RECORDED INFORMATION: Begin

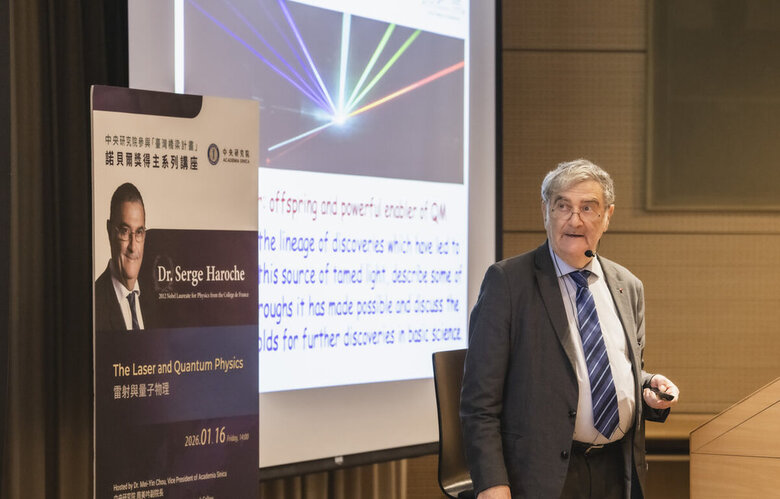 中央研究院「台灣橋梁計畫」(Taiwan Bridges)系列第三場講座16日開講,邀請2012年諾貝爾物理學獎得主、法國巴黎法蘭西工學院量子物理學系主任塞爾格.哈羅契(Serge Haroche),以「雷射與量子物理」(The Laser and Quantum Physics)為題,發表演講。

RECORDED INFORMATION: End
RECORDED INFORMATION: Begin

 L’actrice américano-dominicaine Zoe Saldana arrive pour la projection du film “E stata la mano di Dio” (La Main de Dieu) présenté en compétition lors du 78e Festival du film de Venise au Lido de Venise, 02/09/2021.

RECORDED INFORMATION: End
RECORDED INFORMATION: Begin

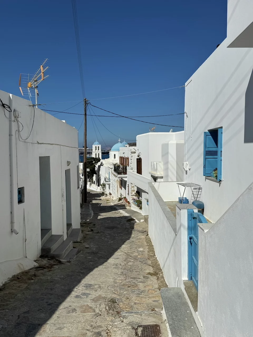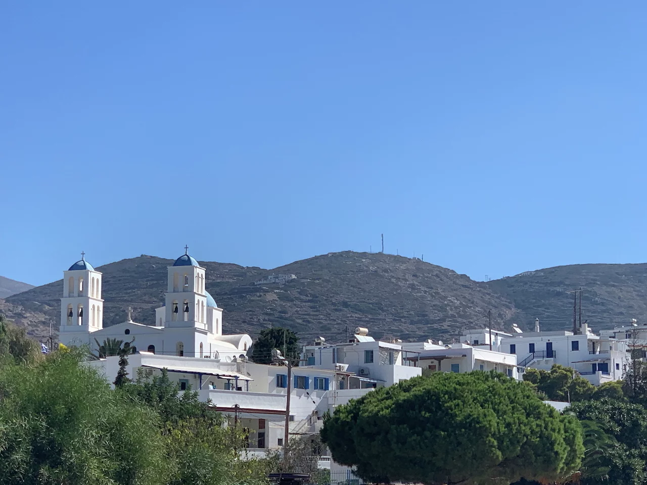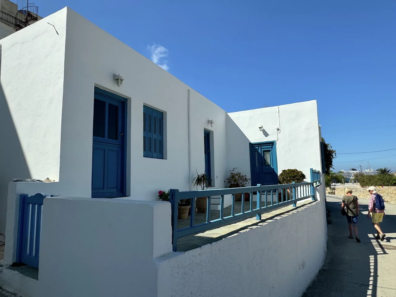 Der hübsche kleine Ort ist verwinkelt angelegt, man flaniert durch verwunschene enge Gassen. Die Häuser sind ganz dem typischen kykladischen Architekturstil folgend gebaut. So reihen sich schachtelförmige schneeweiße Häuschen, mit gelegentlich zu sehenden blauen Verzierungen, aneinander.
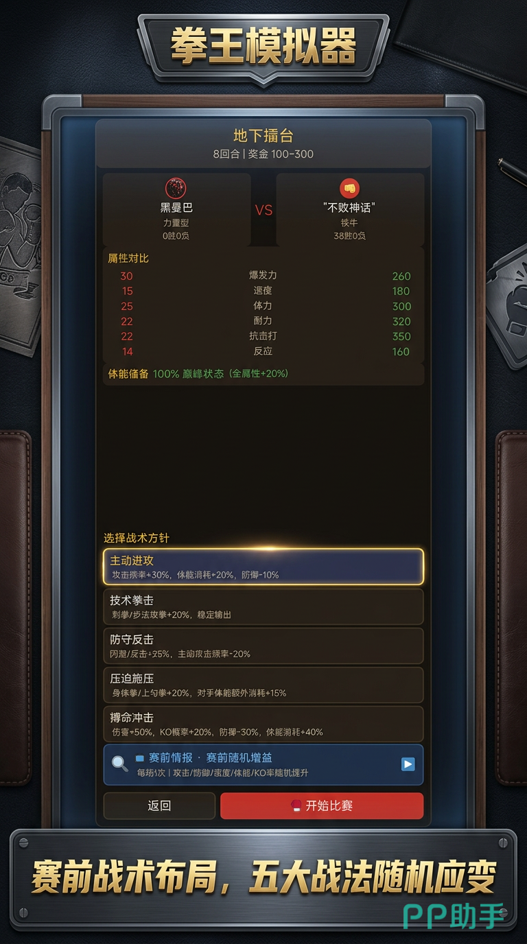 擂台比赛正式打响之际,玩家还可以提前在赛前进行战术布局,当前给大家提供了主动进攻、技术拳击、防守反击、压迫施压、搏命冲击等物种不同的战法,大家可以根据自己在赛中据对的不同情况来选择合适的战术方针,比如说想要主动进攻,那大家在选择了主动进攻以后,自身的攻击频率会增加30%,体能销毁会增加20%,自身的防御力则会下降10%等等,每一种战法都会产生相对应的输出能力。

RECORDED INFORMATION: End

PROBLEM DETAILS: Leaving each picture behind, please give again exactly the lines above from the one with "Der hübsche kleine" through the one with "擂台比赛正式打响之际,玩家还", both included, and no others.

YOUR SOLUTION:
 Der hübsche kleine Ort ist verwinkelt angelegt, man flaniert durch verwunschene enge Gassen. Die Häuser sind ganz dem typischen kykladischen Architekturstil folgend gebaut. So reihen sich schachtelförmige schneeweiße Häuschen, mit gelegentlich zu sehenden blauen Verzierungen, aneinander.
 擂台比赛正式打响之际,玩家还可以提前在赛前进行战术布局,当前给大家提供了主动进攻、技术拳击、防守反击、压迫施压、搏命冲击等物种不同的战法,大家可以根据自己在赛中据对的不同情况来选择合适的战术方针,比如说想要主动进攻,那大家在选择了主动进攻以后,自身的攻击频率会增加30%,体能销毁会增加20%,自身的防御力则会下降10%等等,每一种战法都会产生相对应的输出能力。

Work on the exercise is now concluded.